The Grind (Nosa Eke)
A new film/show/web-series/something from a talented recent NFTS graduate, The Grind follows a group of young people as they seek to make their way in London’s creative scene. If the teaser and the hype are anything to go by, this could break out in a major way. With it focusing on what it’s like to be young, passionate and determined, and the twofold promise and difficulty this city offers, it’s a perfect project to start it’s journey at EEFF. The Grind world-premieres at EEFF, with a party afterwards.
Adult Life Skills (Rachel Tunnard)
This debut feature from SP filmmaker Rachel Tunnard has been gathering a lot of attention recently. Featuring Jodie Whittaker as the lead, giving a performance that is meant to be remarkable, the film follows a grieving girl who is living in her mother’s shed, who is coaxed out of isolation by her friends and family. An extension of Tunnard’s popular short Emotional Fusebox, Adult Life Skills debuted in Tribeca, winning the Nora Ephron prize there.
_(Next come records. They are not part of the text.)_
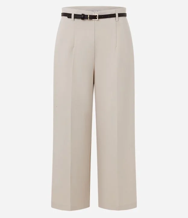 Calça Pantacourt Alfaiatada em Crepe com Cinto Bege
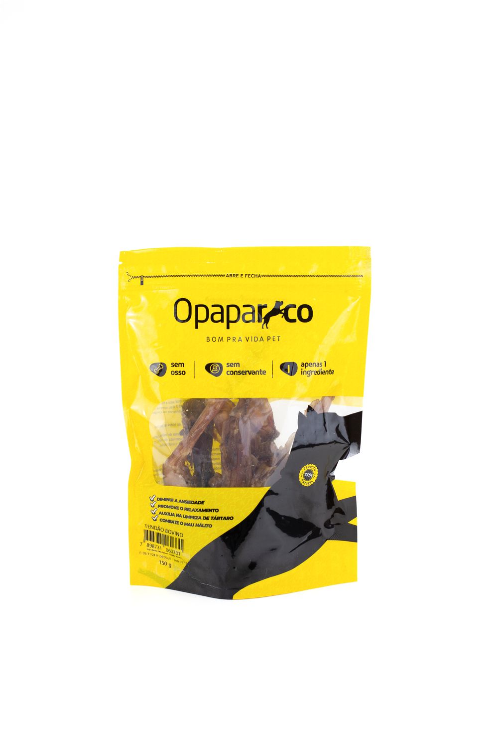 Elaborado com apenas 1 ingrediente, o Tendão Bovino Natural OPaparico é um petisco mastigável 100% natural, livre de ossos e conservantes, garantindo uma opção saudável e segura para o seu amigo de quatro patas. Sua textura fibrosa e sabor irresistível são perfeitos para diminuir a ansiedade e promover o relaxamento, enquanto a mastigação intensa auxilia na limpeza de tártaro e combate o mau hálito. A embalagem prática tipo stand-up pouch com fechamento zip lock assegura a frescura e a qualidade do produto, com uma janela transparente que permite visualizar os petiscos de coloração marrom-avermelhada. Escolha OPaparico para proporcionar uma vida pet mais feliz e saudável.
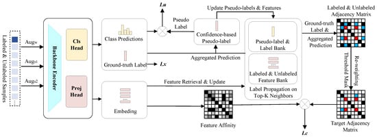where Y represents the initial state , is a parameter ranging from 0 to 1 that assigns weight to the initial labels and aggregated labels, while represents the iterations of label propagation, and multiple iterations of label propagation tend to converge. Finally, the aggregated prediction of the unlabeled sample can be directly obtained from the first row vector of (i.e., ), and then used for confidence-based pseudo-label . Finally, the cross-entropy between the pseudo-label and the strong augmentation prediction is minimized to improve the model performance, as shown in Equation (10).

EEFF will have Tunnard in for a Q+A after their screening.
Little Men (Ira Sachs)
The third film from American filmmaker Ira Sachs, Little Men is one of the higher profile films in EEFF’s programme. Following two terrific adult relationship dramas (Keep the Lights On, Love is Strange), Little Men sees Sachs turn his attention more towards children, following a friendship between two thirteen year olds who connect after the death of a grandfather. Sachs makes films about places as much as people, and the subplot of Little Men surrounds the struggles of the shop one of their parent’s have to run in the wake of the grandfather. Sachs is an assured filmmaker capable of finding the nuance in all kinds of human drama, and Little Men looks to be another success from a filmmaker who has, so far, done little wrong.
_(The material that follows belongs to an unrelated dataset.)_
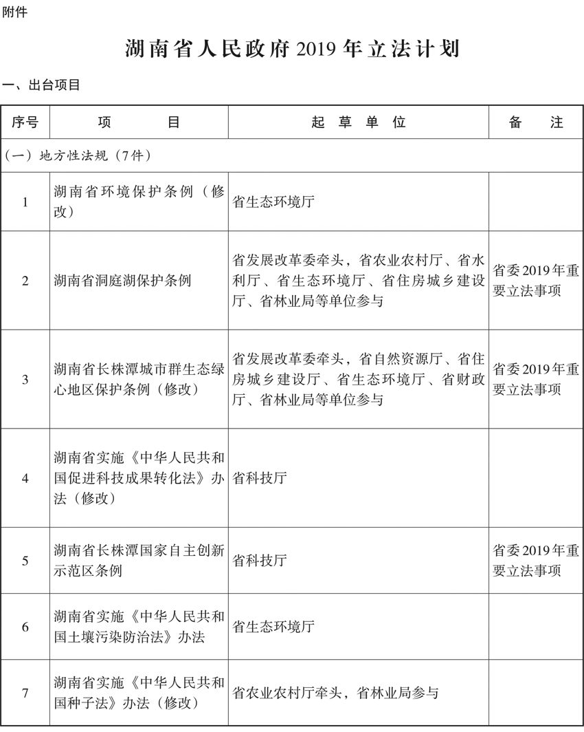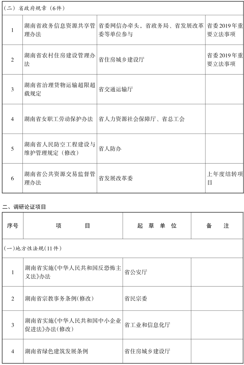 《湖南省人民政府2019年立法計劃》已經省委、省人民政府同意,現印發給你們,請遵照執行。為保證省人民政府2019年立法計劃的順利實施,現就有關事項通知如下:

Operation Avalanche (Matt Johnson)
Another film from a American filmmaker with a profile, doc/fic line-blurrer Matt Johnson follows The Dirties – where he embedded himself and working partner Owen Williams in an active high school in order to make a film about high school shootings that forced viewers to question what they were feeling as much as what they were seeing – with Operation Avalanche, about a similarly slippery topic, the faking of the moon landing by the CIA. Playing members of the CIA’s A/V department, with Operation Avalanche, Johnson and Williams again infiltrated real locations, not least NASA and Shepparton Studios, for their new genre-bending faux-doc. Bought by Lionsgate 8 months ahead of the premiere, Operation Avalanche seems an ambitious effort from a disruptive filmmaking duo.
East End Film Festival runs June 23rd to July 3rd, in cinemas across London. You can pick up a physical copy of the programme across East London or inside this Saturday’s Guardian newspaper.